▸ **Data records**:
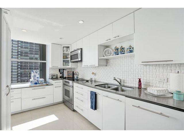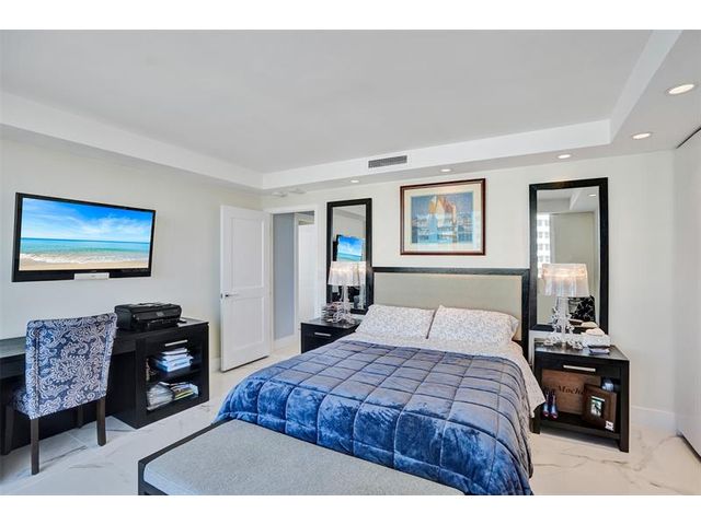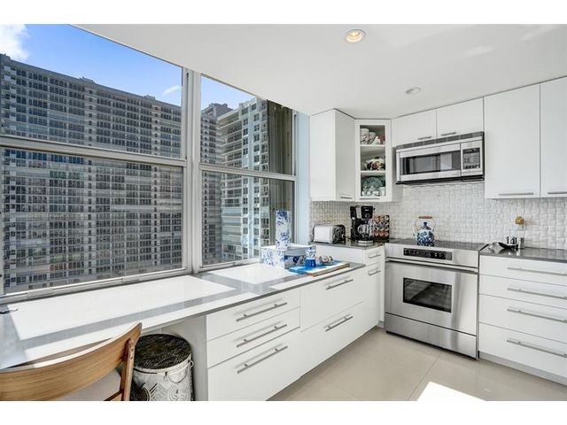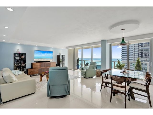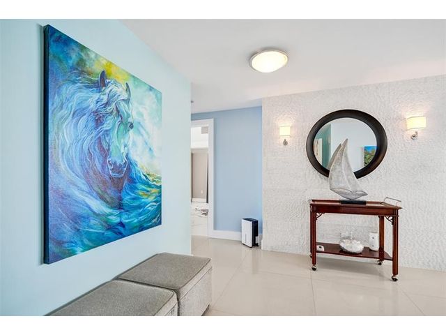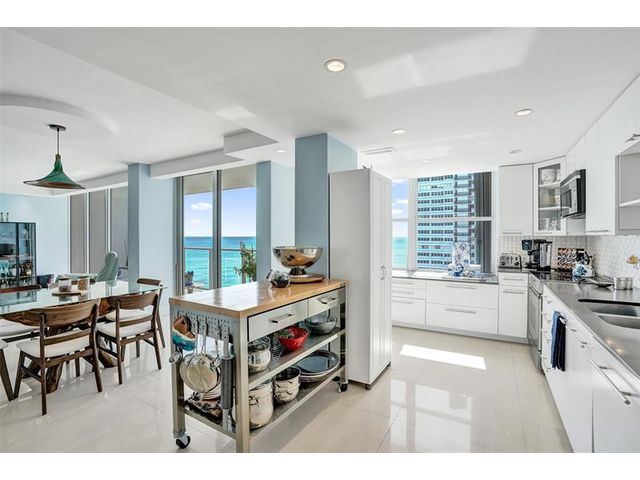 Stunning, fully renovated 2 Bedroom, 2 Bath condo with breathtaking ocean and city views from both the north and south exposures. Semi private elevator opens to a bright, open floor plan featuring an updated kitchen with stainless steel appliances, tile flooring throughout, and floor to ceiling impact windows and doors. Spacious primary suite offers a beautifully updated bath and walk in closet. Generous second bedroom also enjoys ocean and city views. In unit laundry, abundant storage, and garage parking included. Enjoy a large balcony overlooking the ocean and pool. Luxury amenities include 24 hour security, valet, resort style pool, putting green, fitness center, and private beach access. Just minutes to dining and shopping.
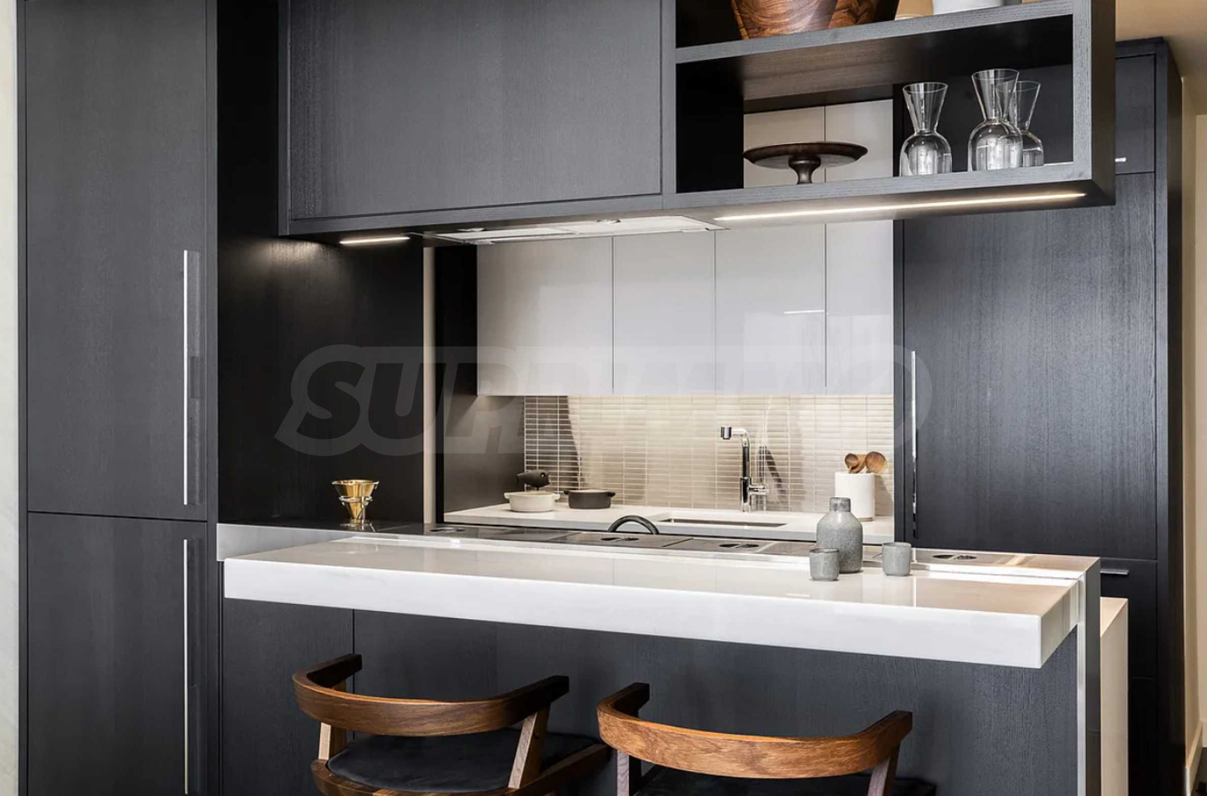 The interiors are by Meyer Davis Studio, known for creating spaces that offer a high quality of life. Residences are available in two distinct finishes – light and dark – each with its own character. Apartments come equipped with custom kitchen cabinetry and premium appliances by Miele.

---

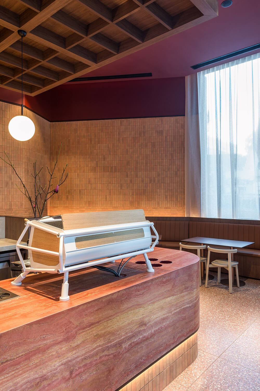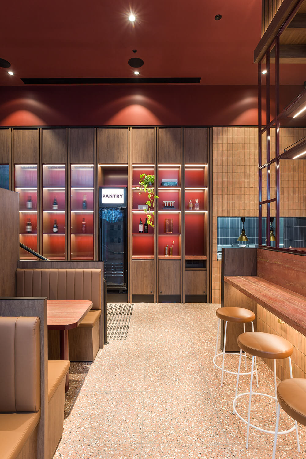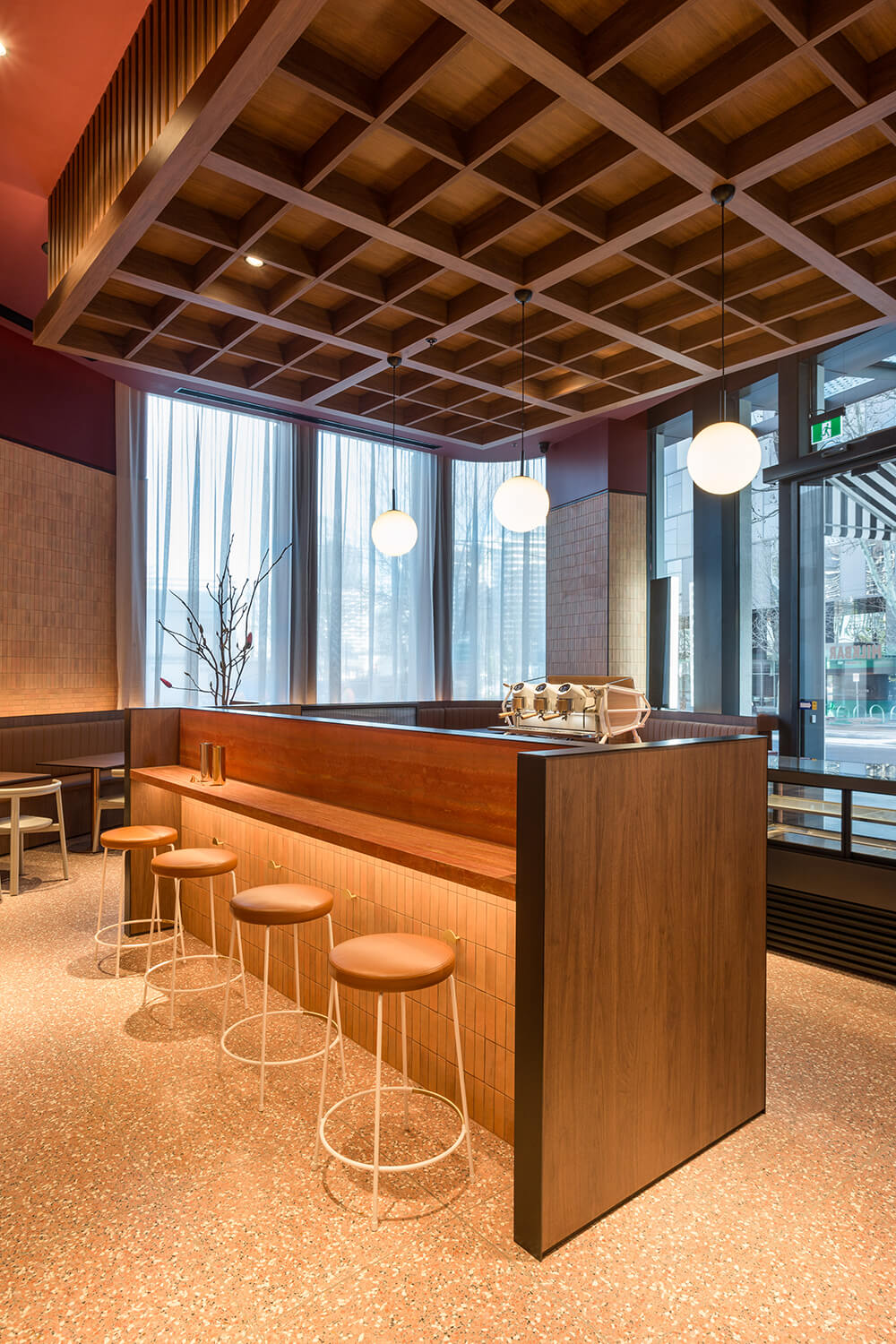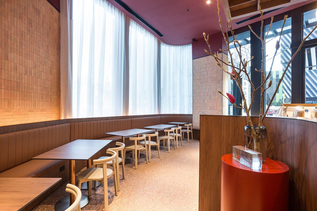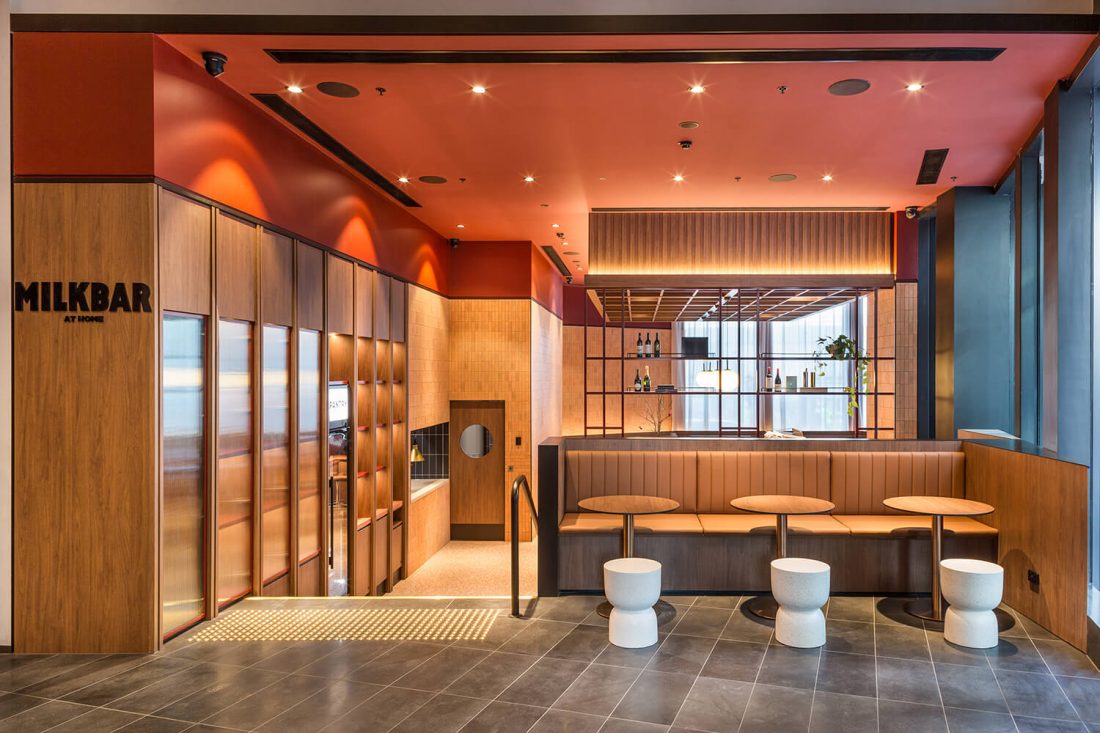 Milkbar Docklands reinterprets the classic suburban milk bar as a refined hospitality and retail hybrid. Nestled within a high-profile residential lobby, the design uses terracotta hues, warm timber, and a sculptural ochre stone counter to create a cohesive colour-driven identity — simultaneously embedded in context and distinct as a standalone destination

---

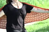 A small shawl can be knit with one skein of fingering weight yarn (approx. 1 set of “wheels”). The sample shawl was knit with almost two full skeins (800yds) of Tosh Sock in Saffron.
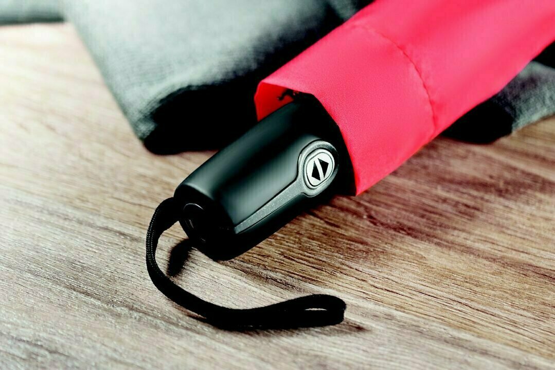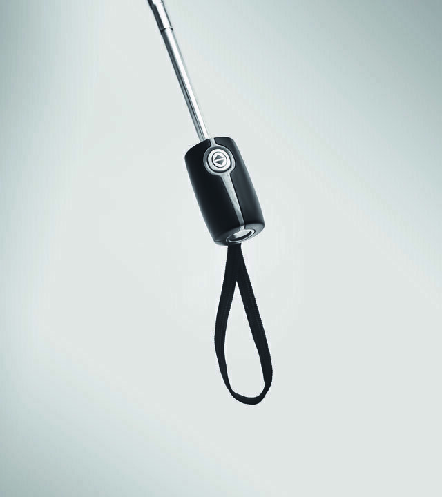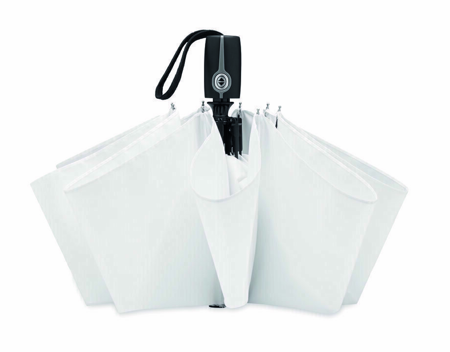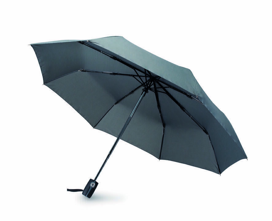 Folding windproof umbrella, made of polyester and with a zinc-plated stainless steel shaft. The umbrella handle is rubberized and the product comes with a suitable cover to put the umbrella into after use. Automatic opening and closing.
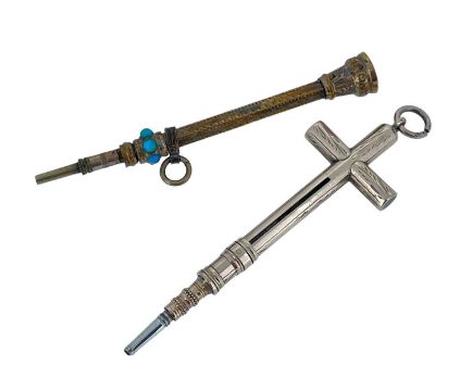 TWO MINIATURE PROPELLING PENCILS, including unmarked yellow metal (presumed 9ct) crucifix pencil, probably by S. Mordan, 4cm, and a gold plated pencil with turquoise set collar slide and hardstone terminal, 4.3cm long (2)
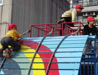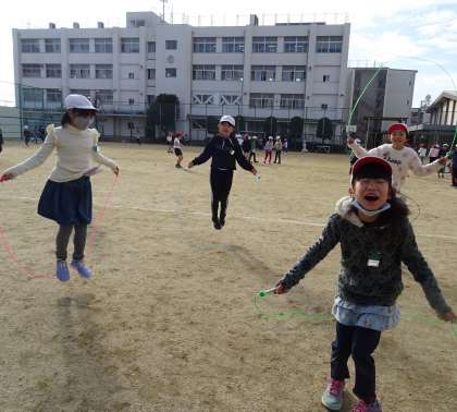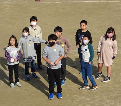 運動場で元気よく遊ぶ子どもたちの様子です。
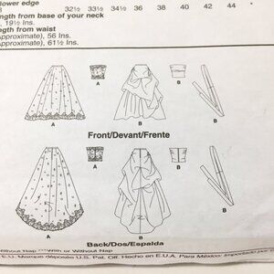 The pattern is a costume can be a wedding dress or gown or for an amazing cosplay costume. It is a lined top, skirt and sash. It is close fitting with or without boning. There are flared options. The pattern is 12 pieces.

▸ **Assigned task**: Using the records above, return word for word the lines that begin at the one containing "TWO MINIATURE PROPELLING" and end at the one containing "The pattern is a", both of them included and no pictures.

▸ **Response to this task**:
 TWO MINIATURE PROPELLING PENCILS, including unmarked yellow metal (presumed 9ct) crucifix pencil, probably by S. Mordan, 4cm, and a gold plated pencil with turquoise set collar slide and hardstone terminal, 4.3cm long (2)
 運動場で元気よく遊ぶ子どもたちの様子です。
 The pattern is a costume can be a wedding dress or gown or for an amazing cosplay costume. It is a lined top, skirt and sash. It is close fitting with or without boning. There are flared options. The pattern is 12 pieces.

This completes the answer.